So once again, sets are unordered
The collection does not have an index. You cannot use the index to obtain the corresponding elements. For example, if you use s[1], an error will be reported. Why?
s1={1,2,3}
print(s1[1])
# TypeError: 'set' object does not support indexing
Because the collection is unordered! So it is not certain that there cannot be an index. If there is an index, it means it is ordered
Intersection and complement operation of sets
| Mathematical symbols | Python symbols | Function version | Meaning |
|---|---|---|---|
| – or | – | – | difference() | Difference set, relative complement |
| ∩ | & amp; | intersection() | Intersection |
| ∪ | | | union() | Union |
| ≠ | != | not equal | |
| = | == | equal to | |
| ∈ | in | is a membership relationship | |
| ? | not in | Non-membership |
example
s1 = {1, 2, 3, 4, 5}
s2 = {4, 5, 6, 7, 8}
print(s1 - s2) # Difference set, equivalent to s1.difference(s2)
# {1, 2, 3}
print(s2 - s1) # Equivalent to s2.difference(s1)
# {8, 6, 7}
print(s1 & amp; s2) # Intersection is equivalent to s1.intersection(s2), s1 and s2 can also interchange their positions
# {4, 5}
print(s1 | s2) # Union is equivalent to s1.union(s2), s1 and s2 can also interchange their positions
# {1, 2, 3, 4, 5, 6, 7, 8}
print(s1 ^ s2) # Cross complement, that is, the union minus the intersection
# {1, 2, 3, 6, 7, 8}
print(6 in s1)
#False
print(6 not in s1)
#True
Note that the usage of functions and symbols are completely equivalent.

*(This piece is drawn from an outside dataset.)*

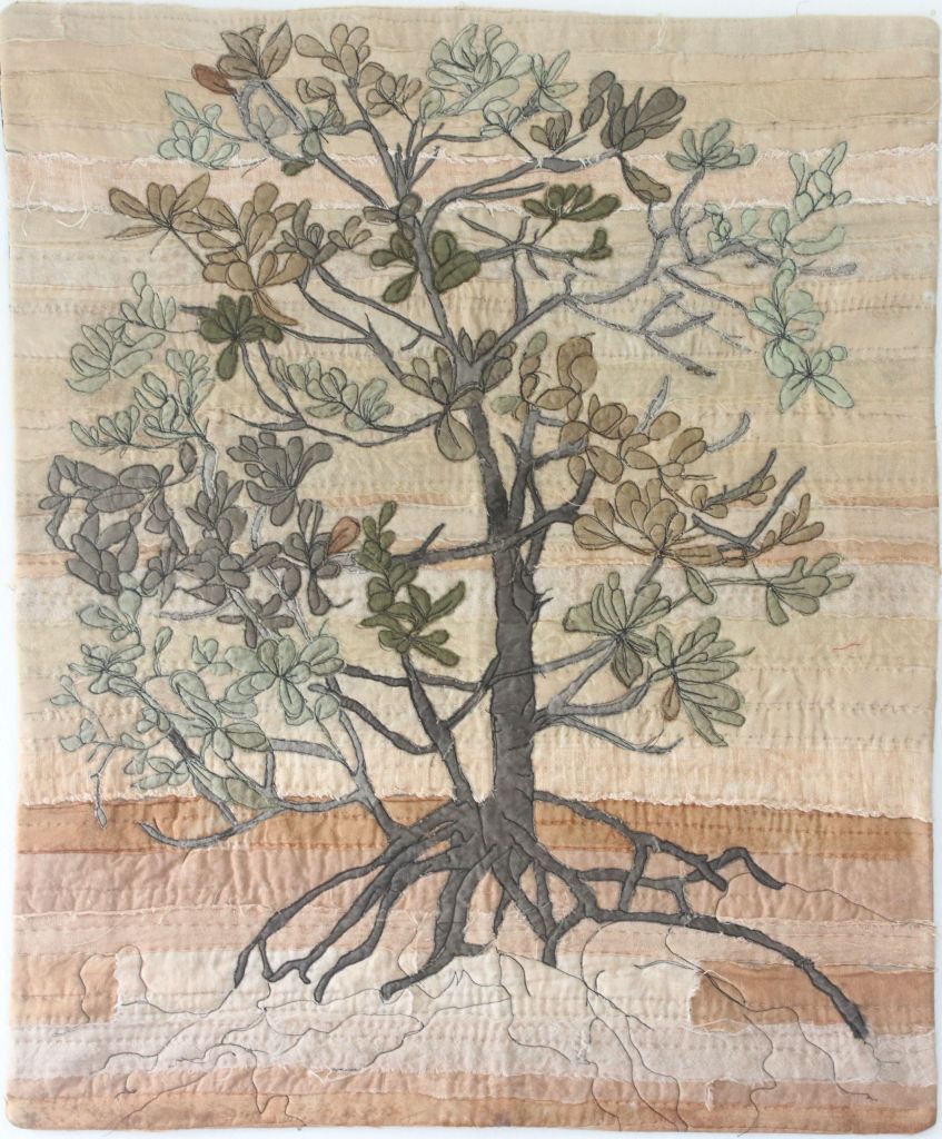 After laying down and quilting the background, I appliqued the mangrove tree from a drawing I made on the beach:
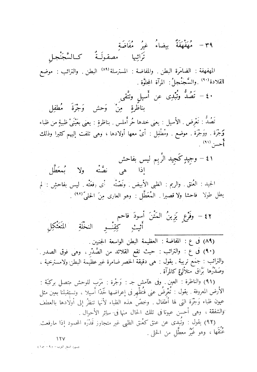 مُهَفهَفَةٌ بَيضاءُ، غَيرُ مُفَاضَةٍ ... تَرائِبُها مَصْقُولَةٌ كالسَّجَنْجَلِ

They will generate a new object and will not modify the original collections s1 and s2
If you want to perform intersection and complement operations on sets and modify them in place, you need to use assignment operations.
# Update s1 to the intersection of s1 and s2
s1 = {1, 2, 3, 4, 5}
s2 = {4, 5, 6, 7, 8}
s1.intersection(s2)
print(s1)
# {1, 2, 3, 4, 5} has not modified s1
s1 = s1.intersection(s2) # Must use assignment operation
print(s1)
# {4, 5}
Function defined by collection class
| Method | Description |
|---|---|
| add() | Add elements to the collection |
| update() | Add elements to the collection |
| clear( ) | Remove all elements in the collection |
| copy() | Copy a collection |
| pop() | Remove elements randomly |
| remove() | Remove specified elements |
| discard() | Delete the specified element in the collection |
| isdisjoint() | Determine whether the two sets contain the same elements, return True if not, otherwise return False. |
| issubset() | Determine whether the specified set is a subset of the method parameter set. |
| issuperset() | Determine whether the parameter set of this method is a subset of the specified set |
| symmetric_difference() | Returns a set of unique elements in the two sets. |
| symmetric_difference_update() | Remove the same elements from the current collection in another specified collection, and insert different elements in another specified collection into in the current collection. |
| union() | Returns the union of two sets, equivalent to | |
| difference () | Returns the difference of multiple sets, which is equivalent to – |
| difference_update() | Removing elements from the set , the element also exists in the specified collection. |
| intersection() | Returns the intersection of sets |
| intersection_update() | Returns the intersection of sets. |
example
s1 = {1, 2, 3}
s1.add(4)
s1.add(3) #Add duplicate elements and automatically remove duplicates
print(s1)
# {1, 2, 3, 4}
s2 = {3, 4, 5}
s1.update(s2)
print(s1)
# {1, 2, 3, 4, 5}
s1.remove(1)
print(s1)
# {2, 3, 4, 5}
Collect the time complexity of various operations
| Operation | Average case | Worst case |
|---|---|---|
| x in s | O(1) | O(n) |
| Union s|t | O(len(s) + len(t)) | |
| Intersection s & amp;t | O(min(len(s), len(t)) | O(len(s) * len(t)) |
| Difference set s-t | O(len(s)) | |
| s.difference_update(t) | O( len(t)) | |
| Cross complement s^t | O(len(s)) | O(len(s) * len(t)) |
| Symmetric difference set s.symmetric_difference_update(t) | O(len(t )) | O(len(t) * len(s)) |
[Additional reading]
Underlying implementation mechanism, common interview questions
Core: The bottom layer of the collection is the same as the bottom layer of the dictionary, which is a hash table
Collection underlying data structure
The efficiency of a collection is inseparable from its internal data structure. Unlike other data structures, the internal structure of a collection is a hash table: only a single element is stored in the hash table. If you don’t understand the principles and characteristics of hashing, you can search online. We will also write some content in this regard in the future.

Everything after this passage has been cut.